Glanapteryginae

Scientific classification
- Kingdom: Animalia
- Phylum: Chordata
- Class: Actinopterygii
- Order: Siluriformes
- Family: Trichomycteridae
- Subfamily: Glanapteryginae Myers, 1944
- Type genus: Glanapteryx Myers, 1927
- Genera: see text

= Glanapteryginae =

Subfamily of fishes

The Glanapteryginae, the miniature pencil catfishes, are a subfamily of freshwater ra-finned fishes belonging to the family Trichomycteridae.

==Phylogeny==
Monophyly of the subfamily is supported by five synapomorphies involving reductions in the fins, caudal skeleton, and laterosensory system. It has been proposed that the sister group to this subfamily is the Sarcoglanidinae. Listrura was formerly the sister group to the remainder of the subfamily but is now in Microcambevinae. Glanapteryx is sister to a clade formed by the sister taxa Pygidianops and Typhlobelus.

==Genera==
Glanapteryginae contains the following vaild genera:

==Distribution==
Glanapteryx, Pygidianops, and Typhlobelus are distributed in the Orinoco and Amazon River basins. Listrura species are from Brazil, outside of the Amazon River basin. However, the distribution of glanapterygines may be greater than previously thought.

==Description==
Most of the subfamily is constituted by 'miniaturized' species. Though miniature fish usually refers to fish that do not reach 1 in standard length, Glanapteryx and Typhlobelus have been considered 'elongated miniatures' due to their paedomorphic features and small head sizes, despite their lengths exceeding an inch.

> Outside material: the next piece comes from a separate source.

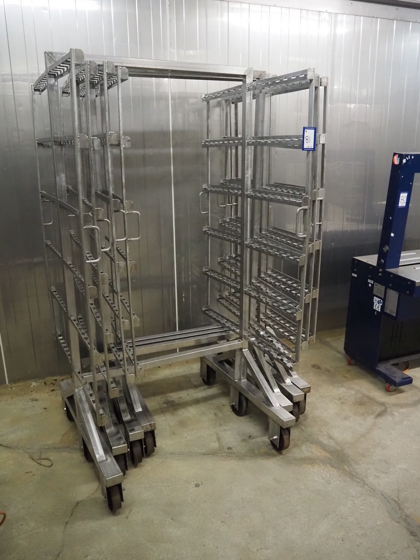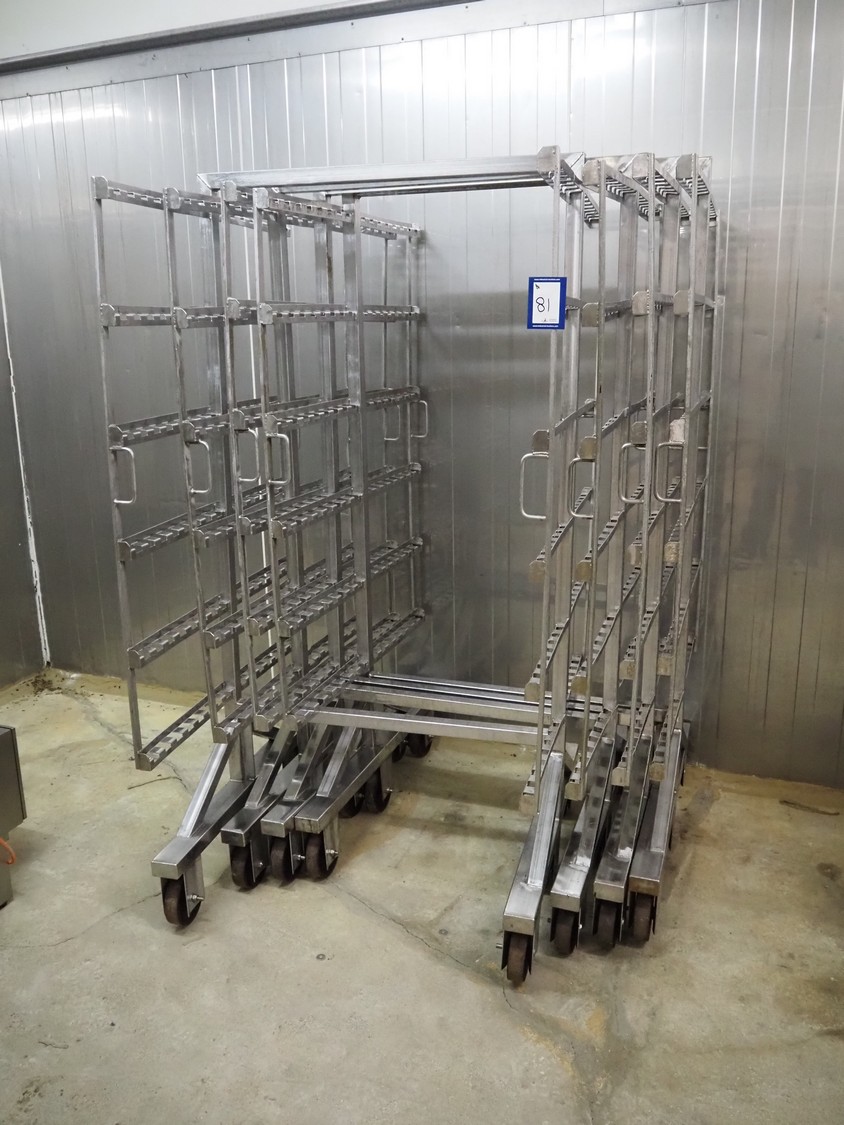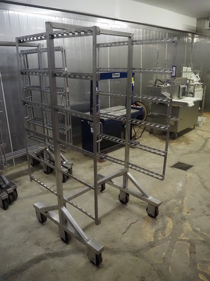 4 s/s smoke trolleys, 6 floors, total dimensions: (4x) 1030 mm x 1030 mm x 1980 mm.

Pygidianops and Typhlobelus are the most modified glanapterygines, sharing extreme reduction or loss of pigmentation, fins, laterosensory system, and eyes; they are also miniaturized, yet retain the well-ossified skeleton comparable in both bone differentiation and degree of calcification to that observed in larger trichomycterids. All four of these genera are currently monophyletic.

==Habitat==
Glanapterygine phylogeny indicates the evolution of the group followed a trend of decreasing dependence on leaf litter and increasing association with sand. Listrura species occur in shallow-water leaf-litter deposits underlain by mud or deeper layers of leaf litter. Little is known about the habitats of the species of Glanapteryx, but information available indicates they have been collected in association with leaf litter underlain with sand. By contrast, Pygidianops and Typhlobelus are entirely disassociated from leaf litter, and occupy exclusively clear water, loose sand; some species have been found to live exclusively in the substratum of the sand (rather than on the sand surface or in the water column above the sand), which could be the first vertebrates identified to be part of the meiofauna of benthic organisms. The latter two genera are more specialized for this lifestyle than any other catfishes, as evidenced by their loss of morphological traits. These two species also have paired keels, called metapleural keels, formed by long ridges of stiffened integument, extend along the entire ventral margin of the abdomen, ending posteriorly shortly posterior to the anus. These keels probably serve to stabilize the body while moving in sand.